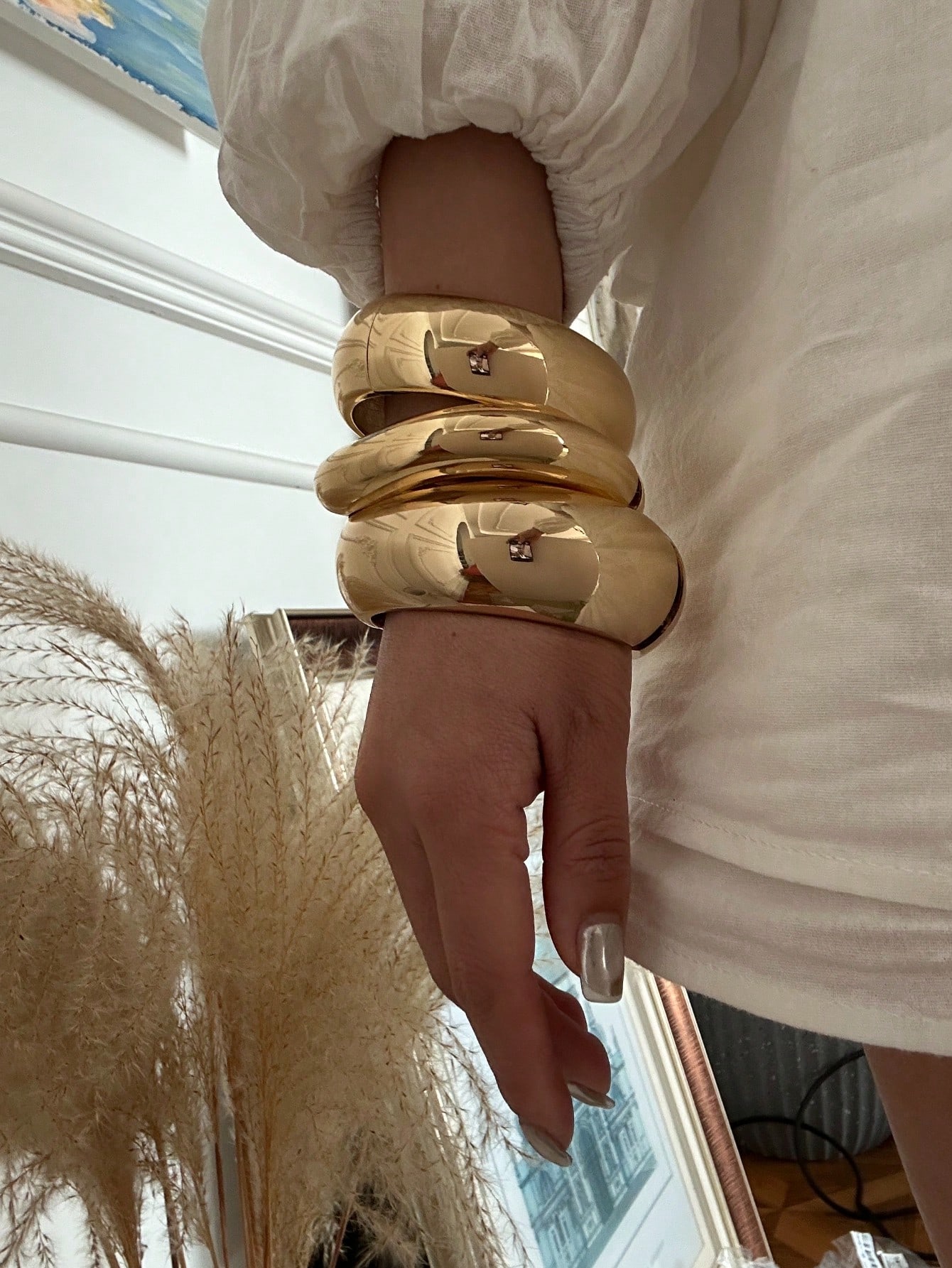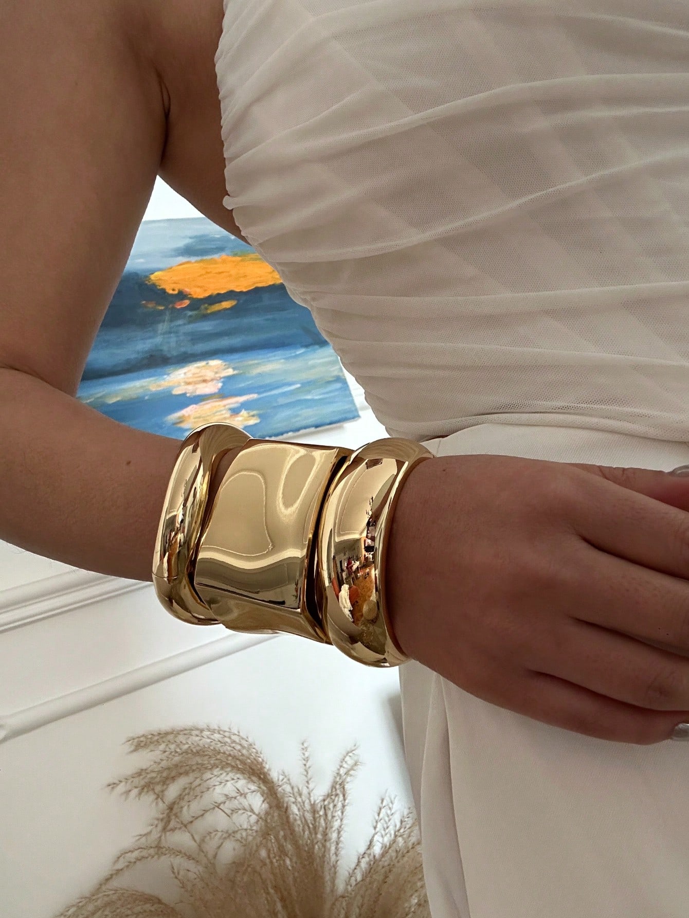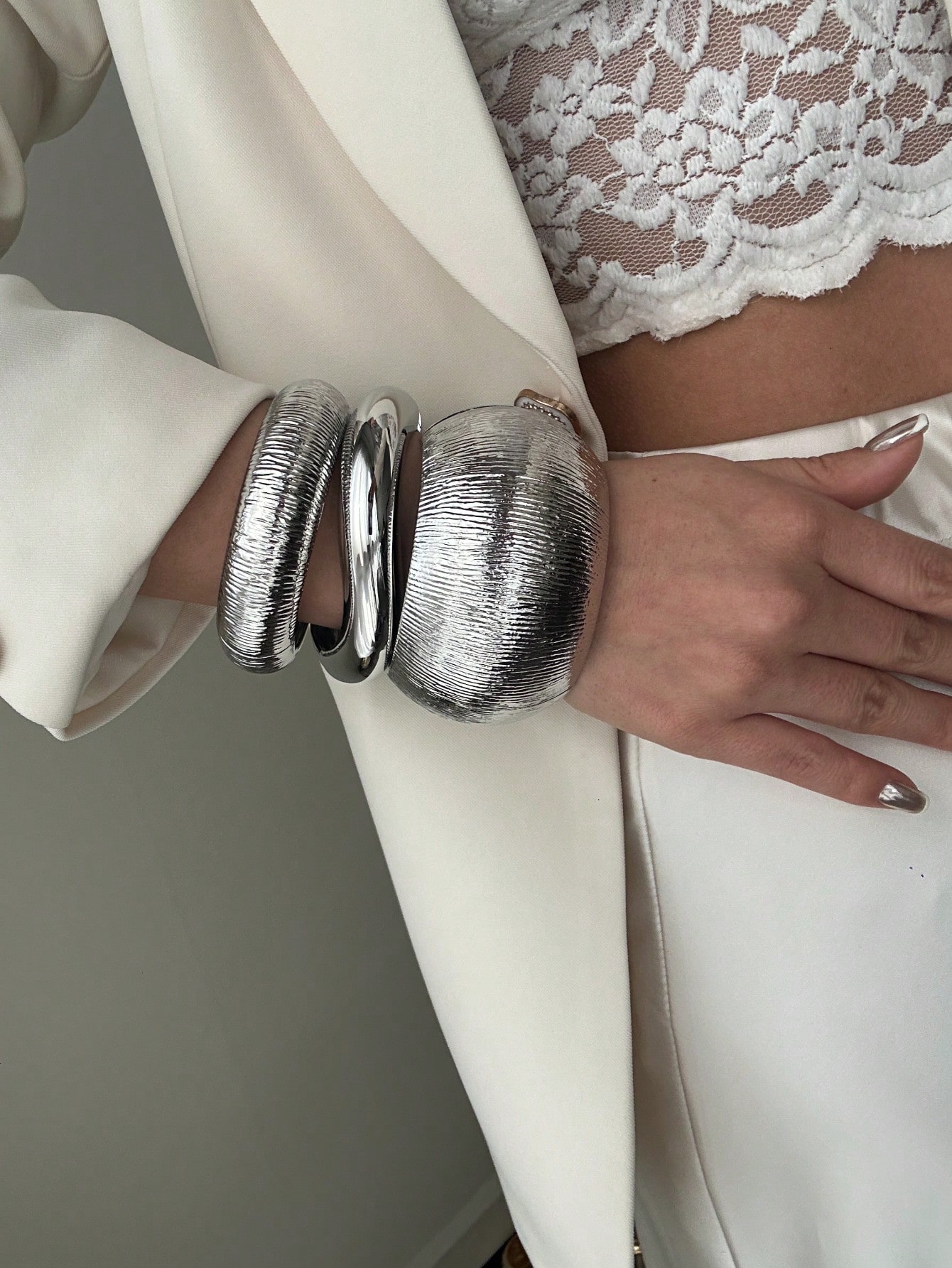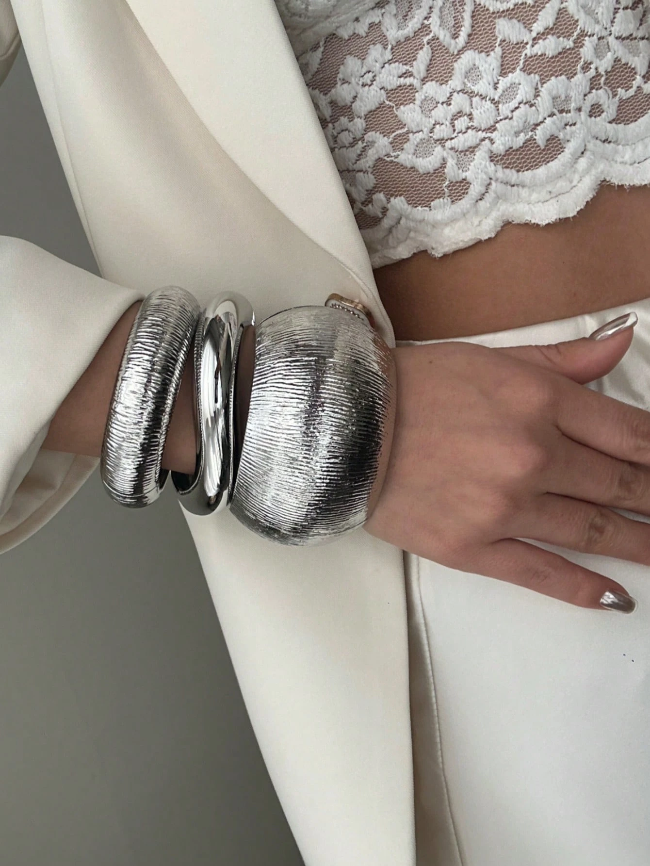 Europe & US Cross-Border Jewelry, Exaggerated Asymmetrical Smooth Line Metal Bracelet Set, Versatile
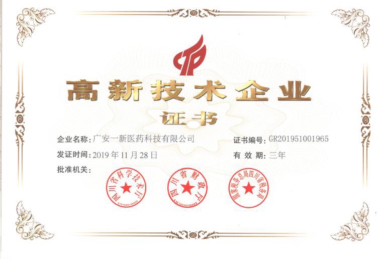 日前,四川久凌制药科技有限公司及子公司广安一新医药科技有限公司凭借专业的研发队伍、雄厚的技术实力、持续的创新能力、科学的企业管理,被顺利认定为国家级高新技术企业,获得“高新技术企业证书”。高新技术企业认定是公司深化管理的重要突破,是对公司技术创新能力和创新成果的充分肯定,对于提升企业整体形象和企业竞争力,推动企业高质量发展有着重要意义。
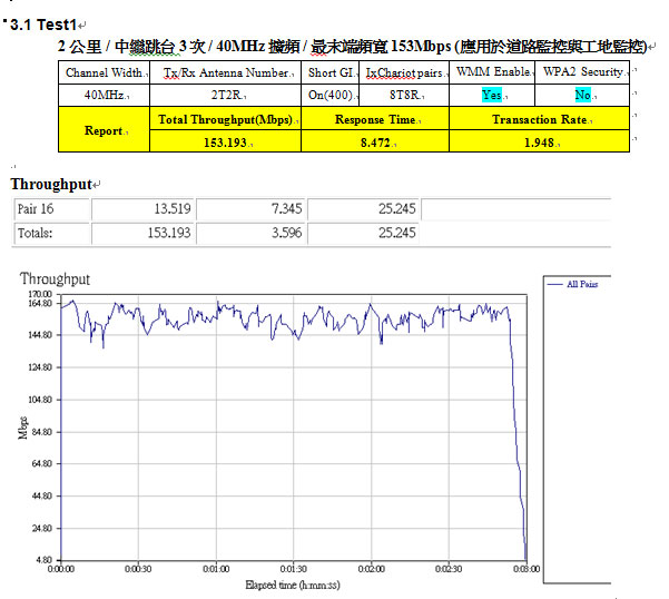 -- (2Km中繼跳台3次頻寬153Mbps測試報告下載) --
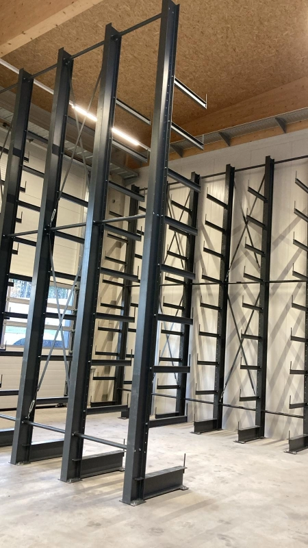 Tento typ regálů je ideální pro ukládání trubek, profilů, tyčí, dřeva, desek, plechů nebo jiných dlouhých a objemných materiálů, které nelze efektivně skladovat v klasických policových nebo paletových regálech. Otevřená konstrukce umožňuje snadný přístup z čela i z boku a výrazně zrychluje manipulaci pomocí vysokozdvižné techniky nebo ručně.

_Work instruction:_ Write out the material above exactly; no pictures.

_Solution to this task:_
 Europe & US Cross-Border Jewelry, Exaggerated Asymmetrical Smooth Line Metal Bracelet Set, Versatile
 日前,四川久凌制药科技有限公司及子公司广安一新医药科技有限公司凭借专业的研发队伍、雄厚的技术实力、持续的创新能力、科学的企业管理,被顺利认定为国家级高新技术企业,获得“高新技术企业证书”。高新技术企业认定是公司深化管理的重要突破,是对公司技术创新能力和创新成果的充分肯定,对于提升企业整体形象和企业竞争力,推动企业高质量发展有着重要意义。
 -- (2Km中繼跳台3次頻寬153Mbps測試報告下載) --
 Tento typ regálů je ideální pro ukládání trubek, profilů, tyčí, dřeva, desek, plechů nebo jiných dlouhých a objemných materiálů, které nelze efektivně skladovat v klasických policových nebo paletových regálech. Otevřená konstrukce umožňuje snadný přístup z čela i z boku a výrazně zrychluje manipulaci pomocí vysokozdvižné techniky nebo ručně.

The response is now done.